Focal Leydig cell hyperplasia and hypertrophy were common findings. Large, foamy Leydig cells containing fat globules were found in several scrotal as well as abdominal testes [Table 1; Figures 4B, 5A; Supplemental Material Figure 6D (http://www.ehponline.org/members/2005/8052/supplemental.pdf)]. This phenomenon indicates impaired steroidogenesis resulting in underutilization and consequent accumulation of lipids. Nodular Leydig cell tumors were found in four abdominal testes; Figure 5C shows a diffuse tumor distorting the seminiferous tubules. A stromal cell tumor with intermittent serosanguinous areas was found in an abdominal testis (Figure 5D).

Lesions characterized by hyperplasia, hypertrophy, and neoplasia were found in the excurrent ducts. Carcinoma of the rete testis (Figure 6A), a rarely occurring lesion, was found in an abdominal testis. Adenoma of the rete testis (Figure 6B) was found in the same and another abdominal testis. Rete tubules containing concretions (Figure 6C) and cysts filled with proteinaceous material [Supplemental Material Figure 7A (http://www.ehponline.org/members/2005/8052/supplemental.pdf)] were occasionally found. Focal areas of adenomatous principal cells with PAS-positive secretions were found in the caput epididymidis of an NCO deer, and cysts filled with proteinaceous material [Supplemental Material Figure 7B (http://www.ehponline.org/members/2005/8052/supplemental.pdf)] were found in the caput epididymidis of a BCO deer.

Figure 7

Timing during ontogeny of the testes, antler pedicles, and limbs in SBTD and postulated actions of an endocrine disruptor to transform testicular cells, alter the antler pedicle primordia, and disrupt transabdominal descent of the testes. Testicular testo: testosterone concentration in total testicular tissue. At “S,” the future scrotum is visible externally as scrotal swellings. Timing of development in SBTD based on data for mule deer (Hudson and Browman 1959) and red deer (Li and Suttie 2001; Lincoln 1973) scaled to gestation length; duration of gestation assumed as 203 days in SBTD and mule deer and 233 days in red deer.

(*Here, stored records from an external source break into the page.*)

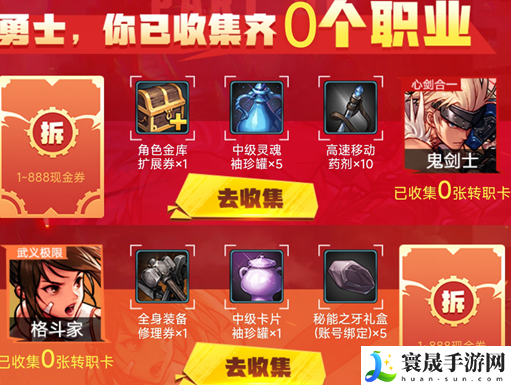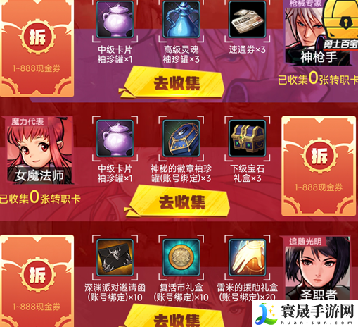 6、集齐一套转职卡就能获得一次抽奖机会。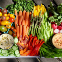 Fresh cut seasonal vegetable with tasty salsa & dips.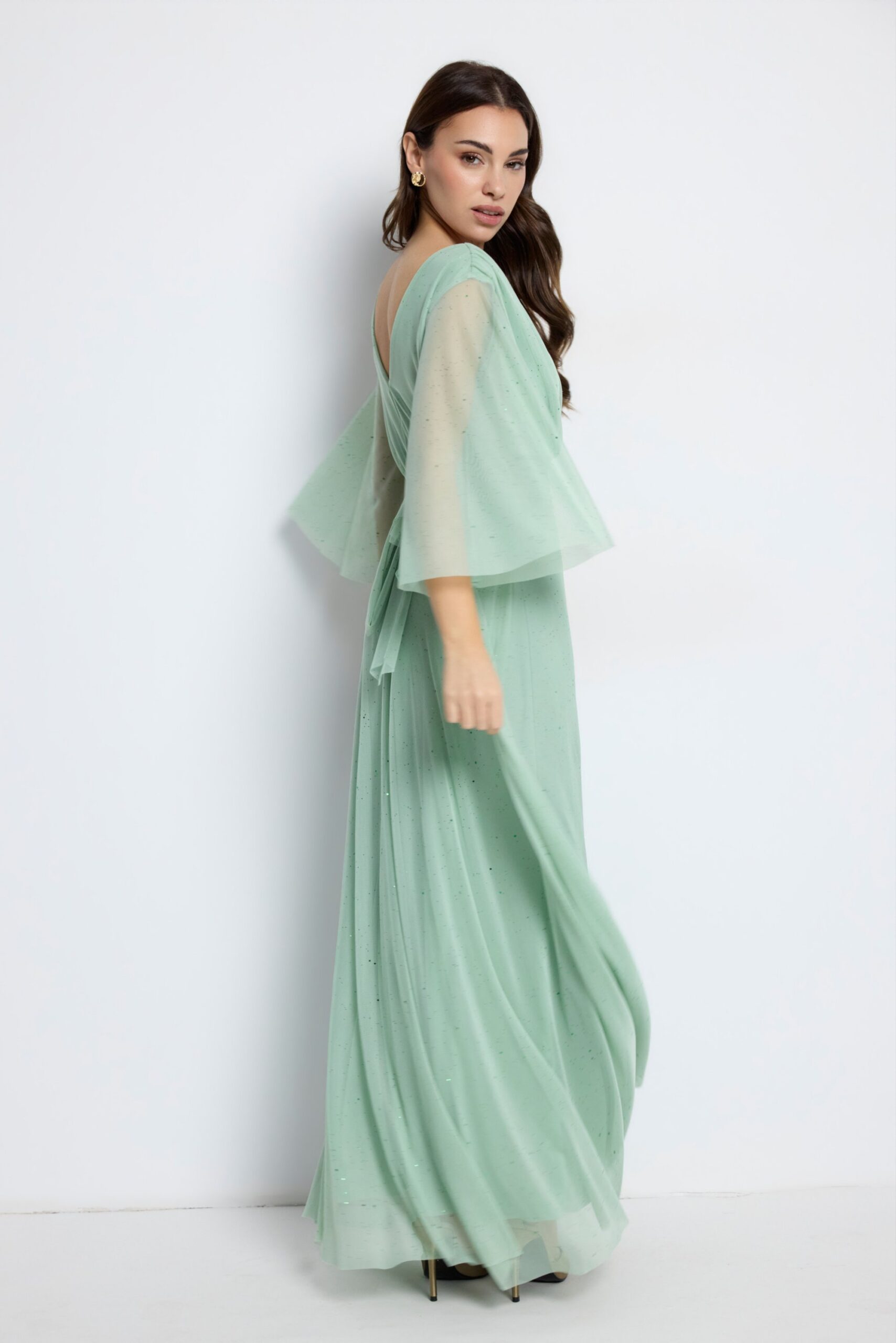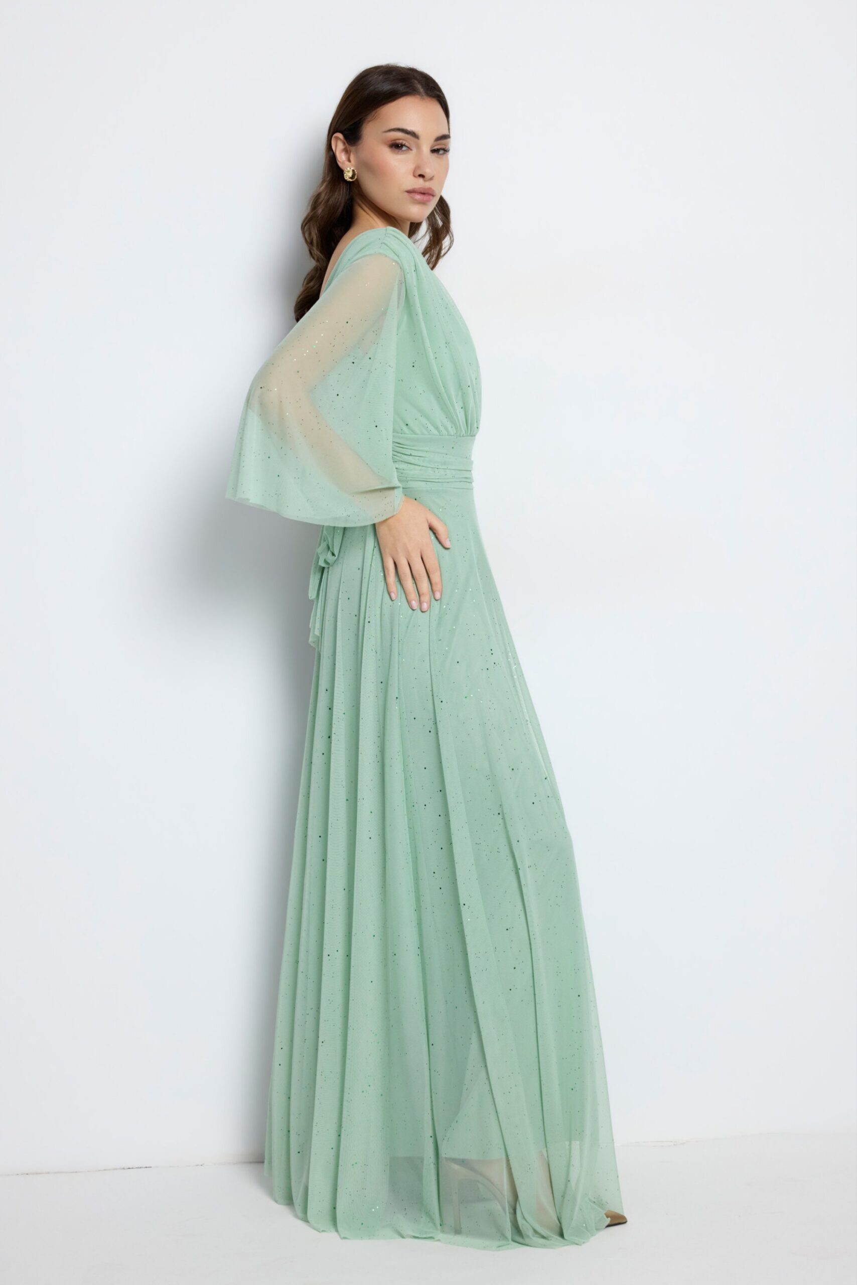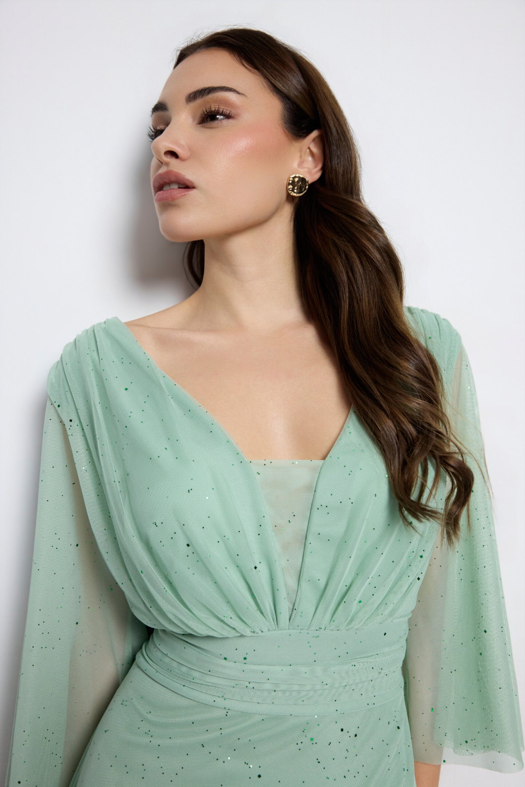 Las mangas semitransparentes y el escote en V cruzado crean un equilibrio perfecto entre elegancia y feminidad. El lazo trasero realza la cintura y aporta un acabado delicado y refinado.

In model animals, transabdominal descent of the testes is blocked by estrogens, whereas passage through the inguinal canal is blocked by antiandrogens (Klonisch et al. 2004). Insulin-like peptide-3 (Insl3) is involved in transabdominal testicular descent; hence, altered expression of Insl3 and or a Hoxa gene could cause cryptorchidism. Products of the fibroblast growth factor gene family (i.e., FGFs) promote early outgrowth of limb buds, with axis patterning controlled by the sonic hedgehog (Shh) gene. FGF genes as well as Shh have been detected in the growth region of regenerating antlers of red deer postnatally (Li and Suttie 2001). The primary agent causing abnormalities such as those seen in SBTD, if caused by an endocrine disruptor, might be a phytoestrogen, estrogenic mycotoxin, alkyl phenol, organochlorine, or polychlorinated biphenyl (see text). An antiandrogen might be a co-agent.

Discussion

The weight of evidence [Table 1, Figures 1–6; Supplemental Material Table 1, Figures 1–7 (http://www.ehponline.org/members/2005/8052/supplemental.pdf)] is that many male SBTD have multiple yet similar abnormalities and that the incidence of collective occurrence is not trivial. Hence, we concluded that something was affecting SBTD on the AP.

Dilemma and hypothesis

How do antler malformation, cryptorchidism, induction of abnormalities in all four primordial testicular cell types, and lack of hypospadias tie together? Leydig cells, stromal elements, and supporting cells (primordia of Sertoli cells) differentiate around primordial germ cells early in gonadogenesis; testosterone secretion follows. Bubenik (1990a) recognized that the antler pedicle primordia, obligatory for postnatal antler development, underwent differential growth early in gestation of male red deer (Cervus elaphus) coincident with initial production of testosterone. Testosterone was maximal at 24–29% of gestational length (233 days in red deer) and undetectable (< 0.1 ng/g testis) after 45% of gestation (Lincoln 1973). The scrotal swelling was evident by 26% of gestation. The importance of Lincoln’s 1973 observation that early development of primordial antler pedicles was initiated at approximately 26% of gestational length, shortly before the testes initiated their transabdominal descent (at ~ 34% of gestational length), apparently escaped earlier workers studying abnormal deer. Primordial antler pedicles are conspicuous in mule deer (Odocoileus hemionus hemionus) by 36% of gestation (Hudson and Browman 1959). Li and Suttie (2001) confirmed timing of the initial appearance of antler pedicle primordia in red deer.

Accepting this ontogenic scenario, the underlying cause of abnormalities in many SBTD could be a mutation(s) in an originator female/male, directly or indirectly causing all defects, with the mutation(s) transmitted to progeny over many generations (i.e., genetic). Alternatively, the cause could be continuing exposure of female deer and their developing fetus(es) to an environmental agent that affected the fetus(es). Regardless, female SBTD also might be affected phenotypically.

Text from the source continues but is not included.